Serving with GPU#
Most popular deep learning frameworks (TensorFlow, PyTorch, ONNX, etc.) have supports for GPU, both for training and inference. This guide demonstrates how to serve models with BentoML on GPU.
Docker Images Options#
See Docker Options for all options related to setting up docker
image options related to GPU. Here’s a sample bentofile.yaml
config for serving
with GPU:
service: "service:svc"
include:
- "*.py"
python:
packages:
- torch
- torchvision
- torchaudio
extra_index_url:
- "https://download.pytorch.org/whl/cu113"
docker:
distro: debian
python_version: "3.8.12"
cuda_version: "11.6.2"
When containerize a saved bento with a cuda_version
configured, BentoML will
install the corresponding cuda version onto the docker image created:
$ bentoml containerize MyTFService:latest -t tf_svc
If the desired cuda_version
is not natively supported by BentoML, users can
still customize the installation of cuda driver and libraries via the
system_packages
, setup_script
, or base_image
options under the
Bento build docker options.
Running Docker with GPU#
The NVIDIA Container Toolkit is required for running docker containers with Nvidia GPU.

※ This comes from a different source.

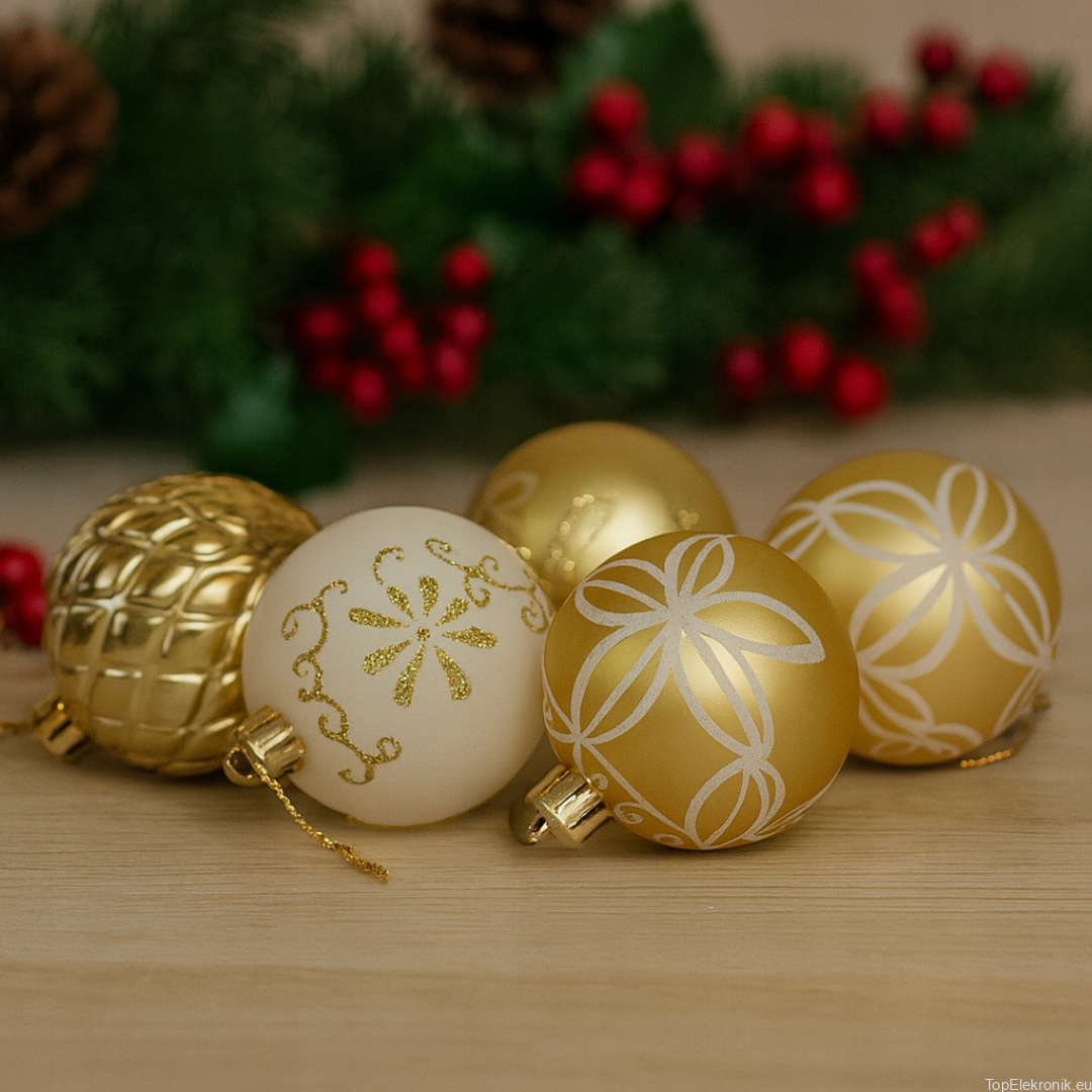 Różnorodność wzorów i klasyczna kolorystyka sprawiają, że bombki pasują zarówno do tradycyjnych, jak i nowoczesnych aranżacji świątecznych.
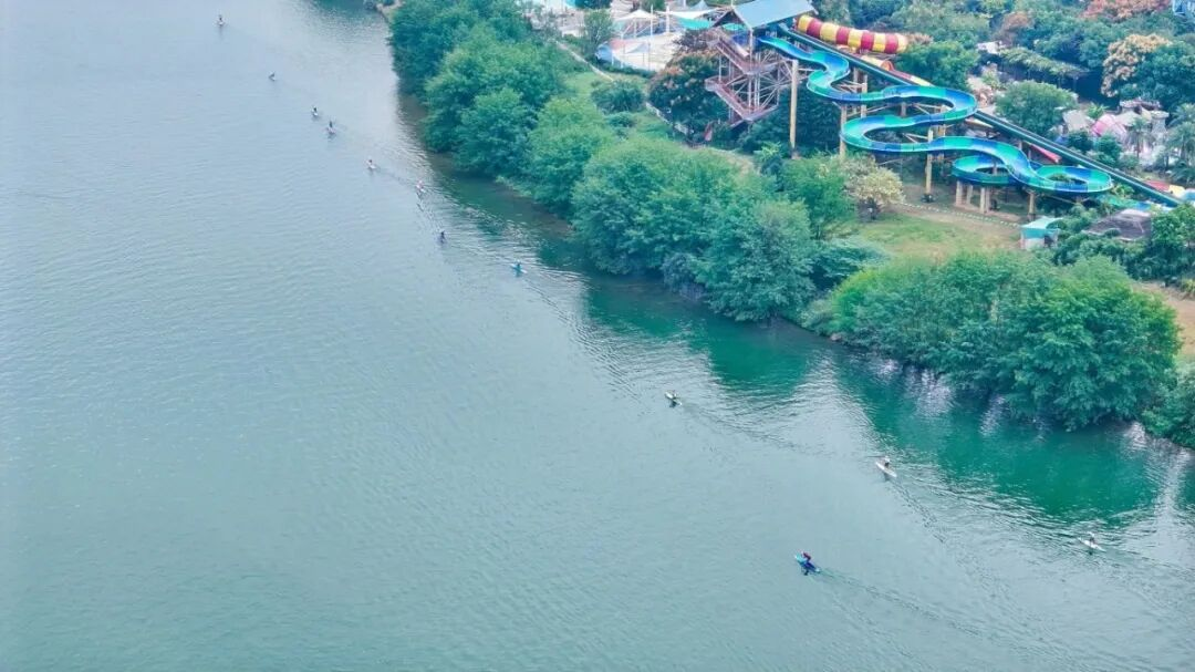 选手的桨板划过,激起的涟漪打破水面的平静,将城市的活力与自然的静谧完美融合。枝叶繁茂形成天然绿荫,既能感受赛事的激情,也能享受江风的凉爽。

NVIDIA provides detailed instructions
for installing both Docker CE
and nvidia-docker
.
Start bento generated image and check for GPU usages:
$ docker run --gpus all ${DEVICE_ARGS} -p 3000:3000 tf_svc:latest --workers=2
See also
For more information, check out the nvidia-docker wiki.
Note
It is recommended to append device location to --device
when running the
container:
$ docker run --gpus all --device /dev/nvidia0 \
--device /dev/nvidia-uvm --device /dev/nvidia-uvm-tools \
--device /dev/nvidia-modeset --device /dev/nvidiactl <docker-args>
Tip
In order to check for GPU usage, one can run nvidia-smi
to check whether BentoService is using GPU. e.g
» nvidia-smi
Thu Jun 10 15:30:28 2021
+-----------------------------------------------------------------------------+
| NVIDIA-SMI 465.31 Driver Version: 465.31 CUDA Version: 11.3 |
|-------------------------------+----------------------+----------------------+
| GPU Name Persistence-M| Bus-Id Disp.A | Volatile Uncorr. ECC |
| Fan Temp Perf Pwr:Usage/Cap| Memory-Usage | GPU-Util Compute M. |
| | | MIG M. |
|===============================+======================+======================|
| 0 NVIDIA GeForce ... Off | 00000000:01:00.0 Off | N/A |
| N/A 49C P8 6W / N/A | 753MiB / 6078MiB | 0% Default |
| | | N/A |
+-------------------------------+----------------------+----------------------+
+-----------------------------------------------------------------------------+
| Processes: |
| GPU GI CI PID Type Process name GPU Memory |
| ID ID Usage |
|=============================================================================|
| 0 N/A N/A 179346 C /opt/conda/bin/python 745MiB |
+-----------------------------------------------------------------------------+